The text and code from Paul Bourke’s paper uses the “focal length” of the view to calculate the appropriate eye separation for left and right eye views.
What is focal length in this context? It’s clearly not lens focal length as the term is used in photography. An illustration from the paper suggests that it might be the distance from the camera position to the far plane of the frustum, but it’s not that either.
The sample code sets a fixed focal length of 100, and a near clipping plane of focal_length/5.
Is the focal length the distance to the furthest point in the bounding sphere of my 3D objects?
My app allows the user to change the distance from the “camera” to my 3D object, which creates closeup views of my 3D object. Presumably, that will change the focal length, but maybe not?
focal length should be distance between the origin
and the point where the 2 viewpoints cross over. At this point there will appear to be no stereo separation. This point will appear to the viewer to be at the surface of his/her monitor. Any point past the focal point in the scene will appear behind the monitor. Any point before the focal point will appear to be in front of the monitor.
hope this helps
i think the guys diagrams are confusing and not helpful at all really
As another poster suggested, I asked the author of the paper directly. He confirmed what you said, that “focal length” is the zero parallax point, where the two views line up.
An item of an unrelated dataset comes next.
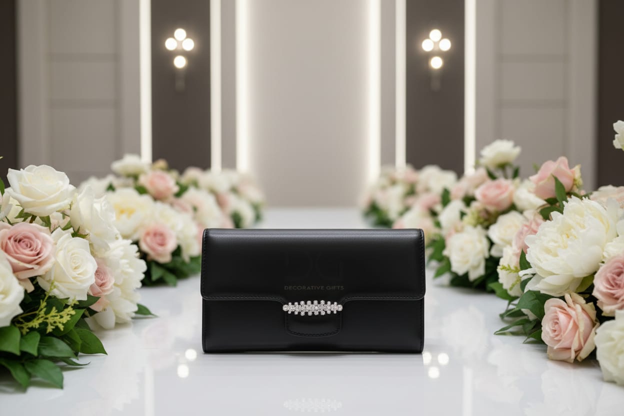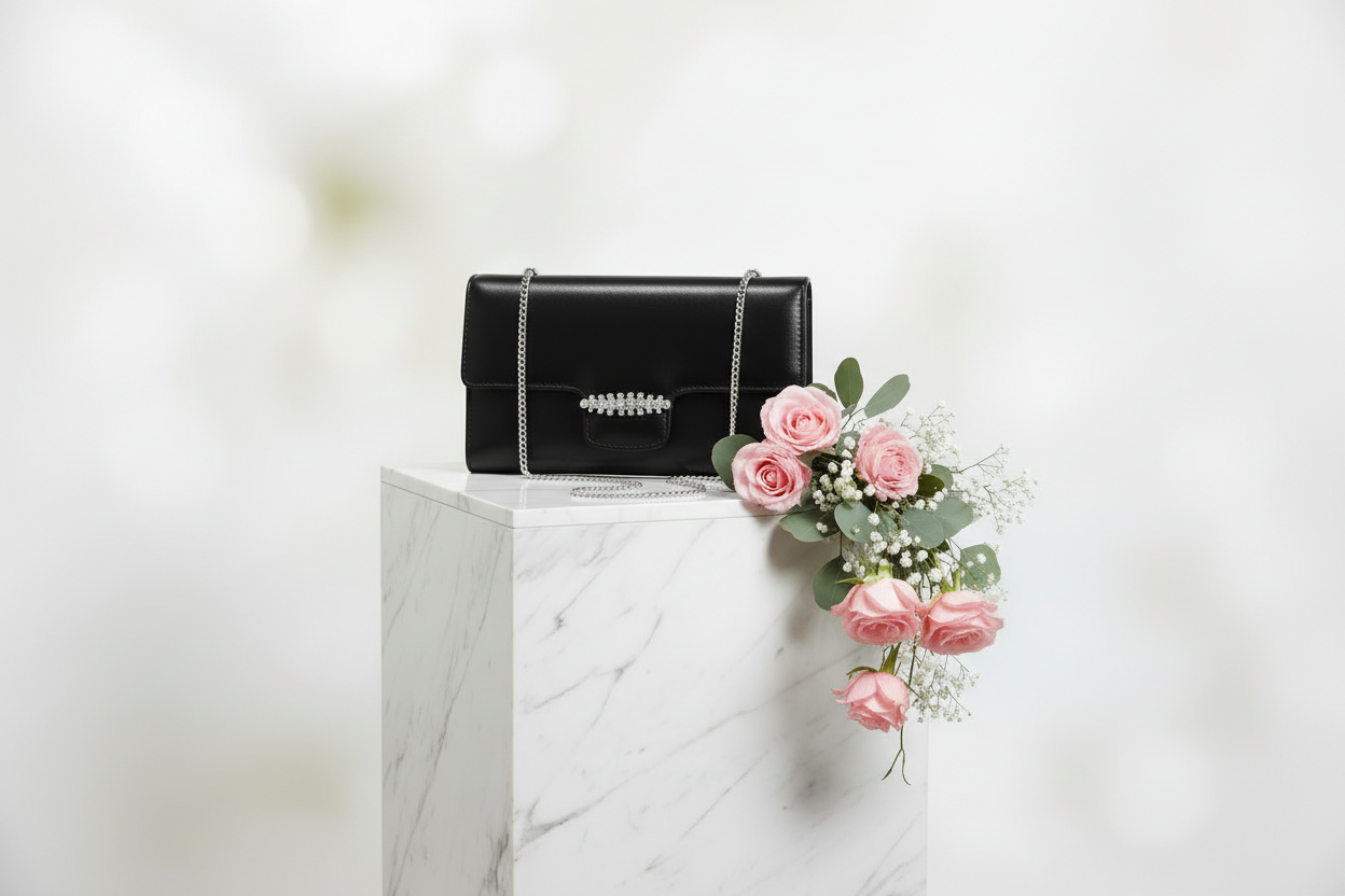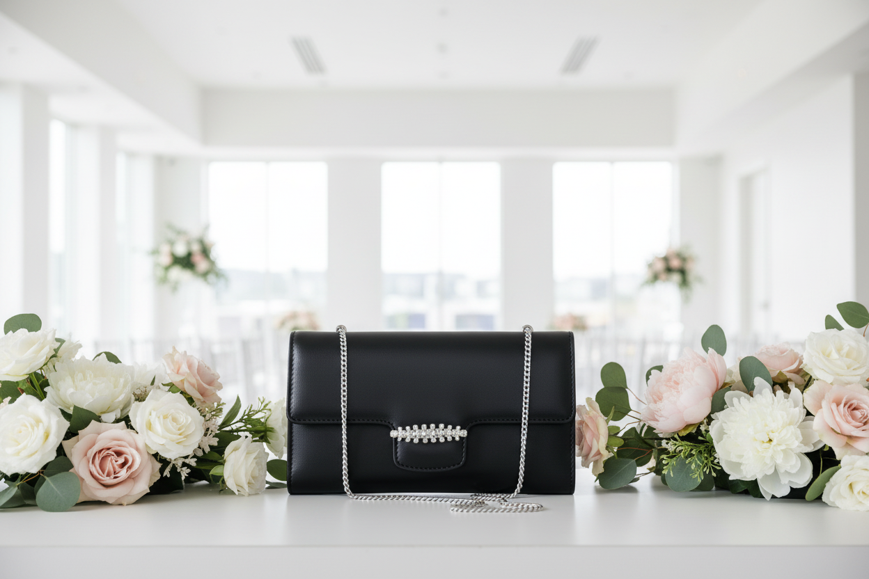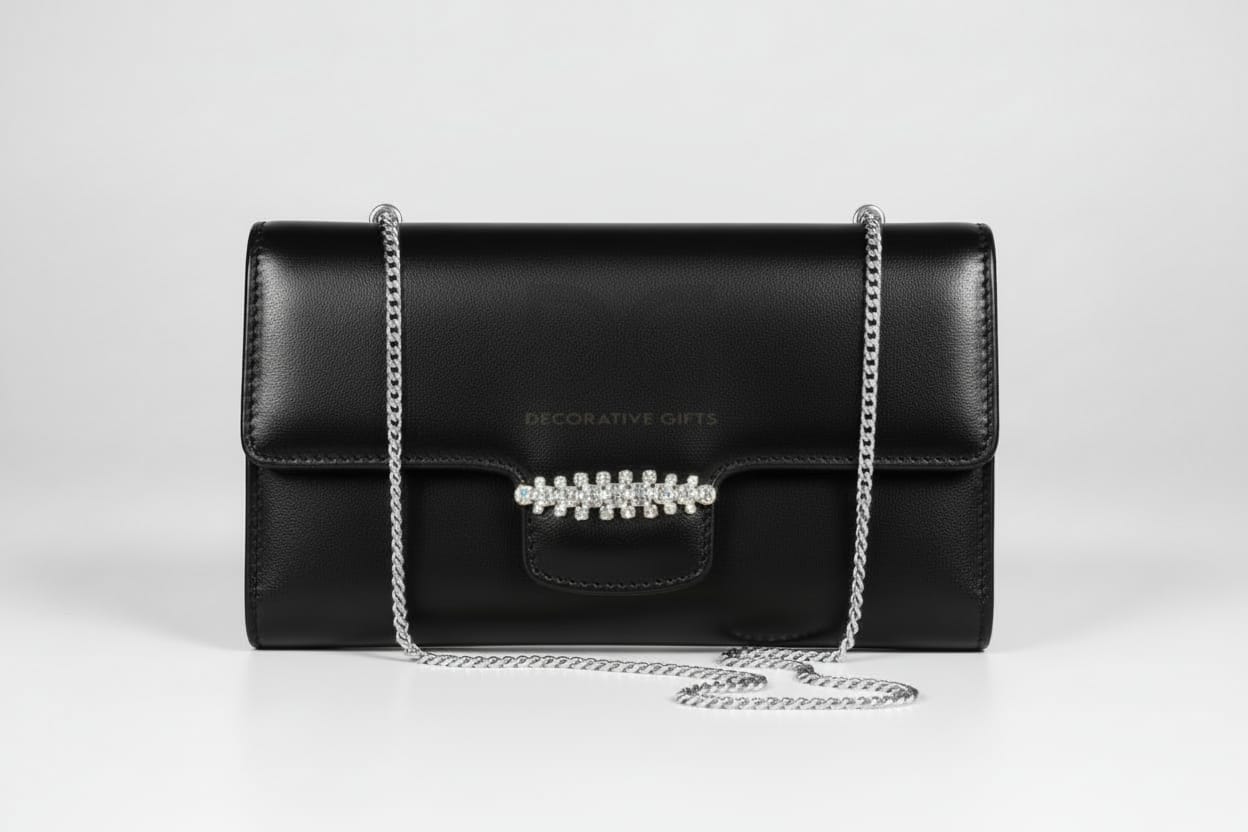 This black leather crossbody evening bag combines understated elegance with functional design. Crafted from smooth, supple leather, it features a fixed silver chain strap positioned for optimal comfort and security across the body. The rhinestone ornament on the front adds a touch of refined glamour, catching light with subtle sparkle. The structured silhouette accommodates your evening essentials—phone, wallet.—while maintaining a sleek, polished appearance. Ideal for formal events, upscale dinners, and special occasions, this versatile piece seamlessly integrates into any sophisticated wardrobe. A durable accessory that delivers both style and practicality.

Here’s another somewhat related question.
My app plots a single 3D object, a polygon mesh that is a height map of a fractal image. The shape can be scaled or rotated arbitrarily.
I’d like for my stereoscopic view to be able to set the zero parallax point anywhere from the frontmost point in the object to the rear-most point in the object. I will have an input value that ranges from -1 to 1, where 1 places the object completely in front of the screen, 0 centers the object on the plane of the screen, and 1 places the object completely behind the plane of the screen.
How do I (efficiently) calculate the plane of the closest point in my object and the plane of the furthest point in my object, at the current scale and rotation?
To plot my object, I set the current matrix mode to the model view, use gluLookAt to set the camera position, and then glRotate to rotate my model view.
I should have been clearer. I use the model view matrix to scale, rotate, and place my object.
I use the projection matrix to adjust the display frustum for the left and right eye camera views.
I use the model view matrix to shift the camera position for the left and right eye views.
This is as the paper by Paul Bourke describes.
The parallax shifts from moving the camera are DESIRED, not an error. In natural vision each eye has a parallax shift, and that is what creates the stereoscopic effect.
What I want to do is figure out the front plane and back bounding plane of my object from camera position. I could use those values to set the near and far limits of the zero parallax distance (or “focal length” as Paul Bourke’s paper names it)
I’m no expert on 3D modeling, so I need help figuring this out.